The occasion for this photograph was most likely the world premiere of Chavez’s opera Panfilo and Lauretta, presented at Brander Matthews Theater in 1957, the performance supported by the Alice M. Ditson Fund.
American Composers Alliance Bulletin
Cover with Portrait of Wallingford Reigger by Malouf, February, 1952, Vol. II, No. 1
Gabe M. Weiner Music & Arts Library, Columbia University
Wallingford Riegger, Henry Cowell, and Edgard Varèse paved the way for modern music at Columbia, followed by Vladimir Ussachevsky, Chou Wen-chung, and Mario Davidovsky. The graduate program in composition leading to the M. A. and the D. M.A., administrated by the School of the Arts, was established in 1968.
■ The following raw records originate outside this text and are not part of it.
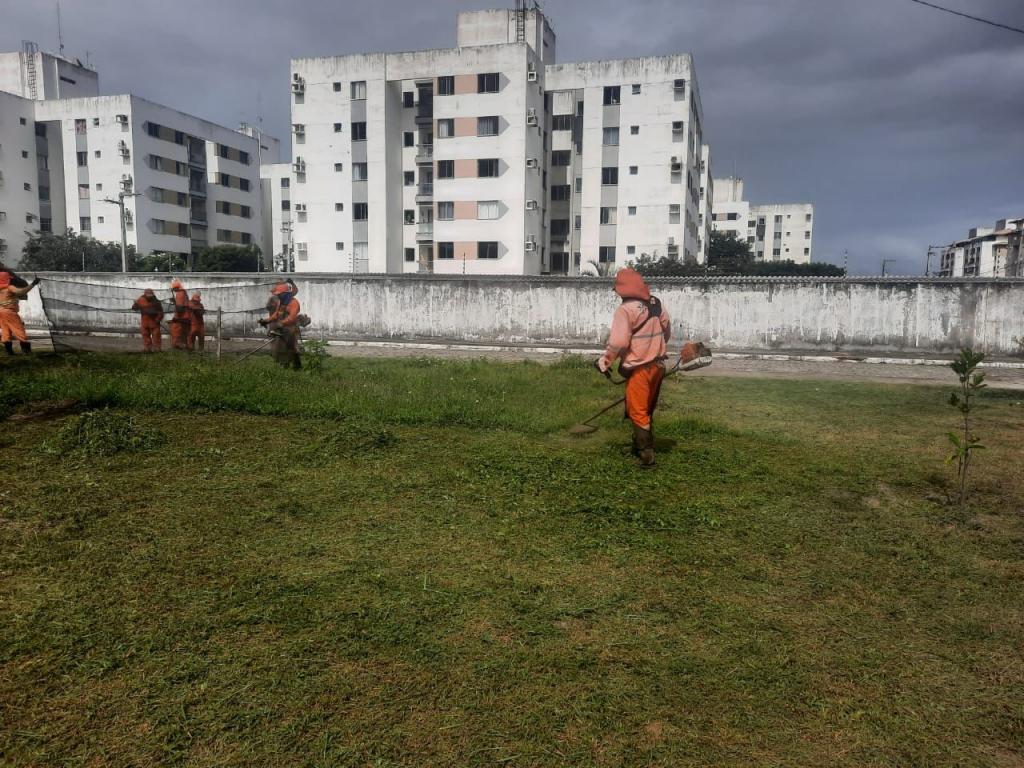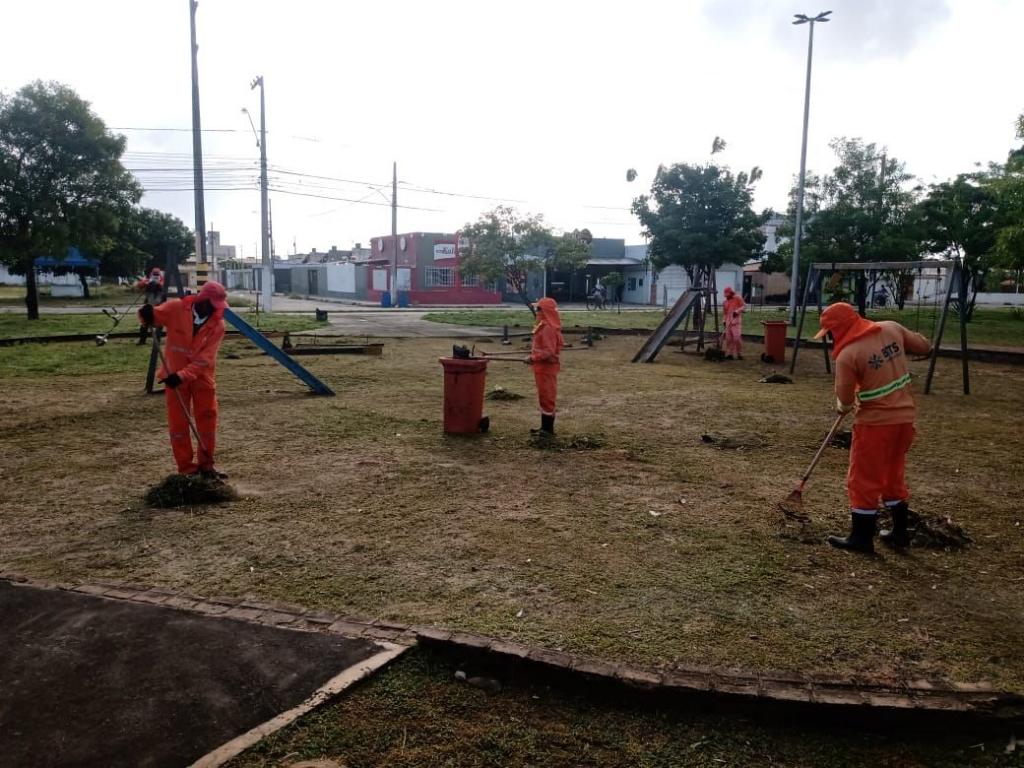 Paralelamente, a limpeza das áreas verdes foram asseguradas a partir do empenho de trabalhadores nas praças situadas na rua Nestor Souza Braz e no Residencial Porto Sul, além da rua Elisa Correia de Oliveira na mesma localidade.
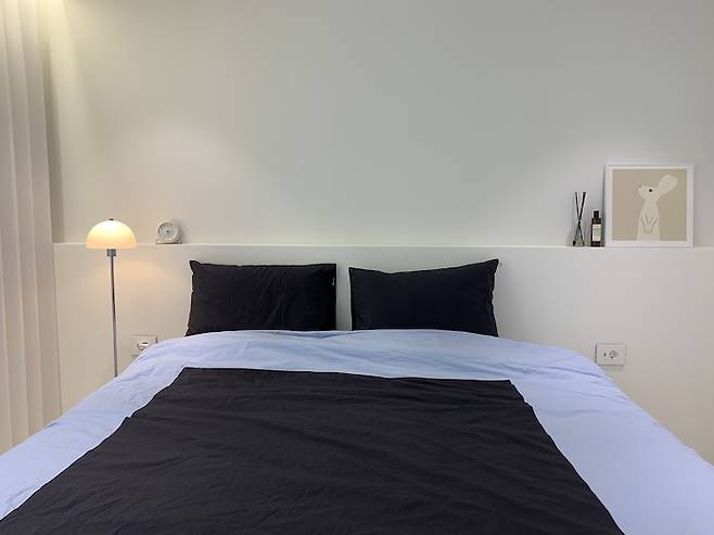 대신 침대 옆에 플로어 조명을 두었고, 헤드보드 필름까지 화이트로 했기 때문에 베딩으로 포인트를 줬어요. 매트리스는 남편이 거거익선을 외쳐서 라지킹(가로 1800)으로 구입했어요. 방을 정말 가득 채우는 크기에 처음엔 반대했지만, 막상 사용해 보니 넓어서 수면의 질이 올라가는 것 같아요.
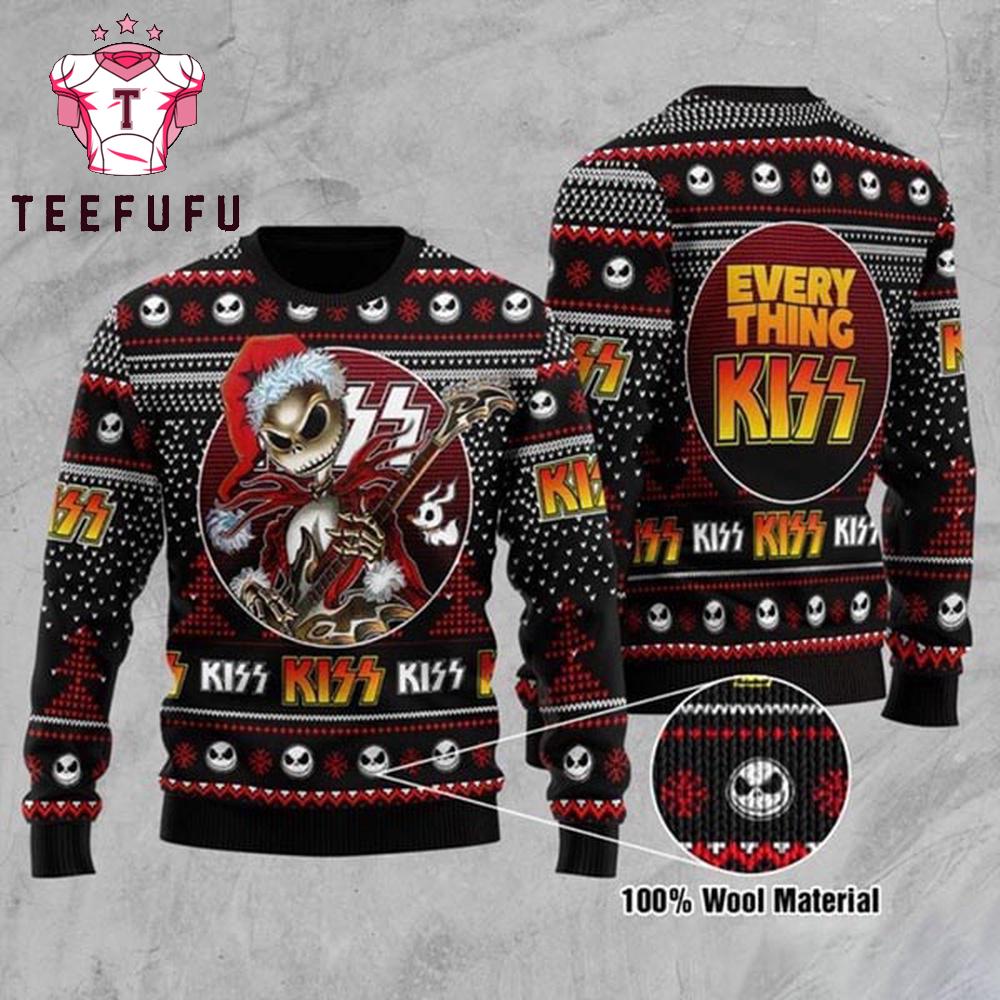 Photos Of Kiss Jack Skellington Playing Guitar 2025 Ugly Christmas Sweater

Associated Music Publishers
Henry Cowell, list of works, New York, Associated Music Publishers, ca. 1949
Columbia University Archives, Rare Book and Manuscript Library
The Columbia Orchestra, with Howard Shanet conducting, played the world premiere of Cowell's "Hymn and Fuguing Tune No. 3" on 2 November 1953.
Henry Cowell, composing with his cat
Photograph, signed and inscribed, no date
Columbia University Archives, Rare Book and Manuscript Library
This photograph of Henry Cowell is inscribed “to Ruth,” undoubtedly Ruth Ihrig, the Department of Music’s Administrator from 1947 to 1988.
Edgard Varèse
Photograph, no date
Columbia University Archives, Rare Book and Manuscript Library
Today members of the composition faculty fill multiple roles as composers, theorists, and teachers. Jonathan Kramer, Fred Lerdahl, and Brad Garton are also contributors to the growing literature on new compositional techniques and modern approaches to theory and analysis. At Columbia, which has provided an environment traditionally hospitable to new music, composition is no mere academic exercise. Faculty composers, themselves active and prolific masters of their craft, are in a singular position to guide the composer of the next generation.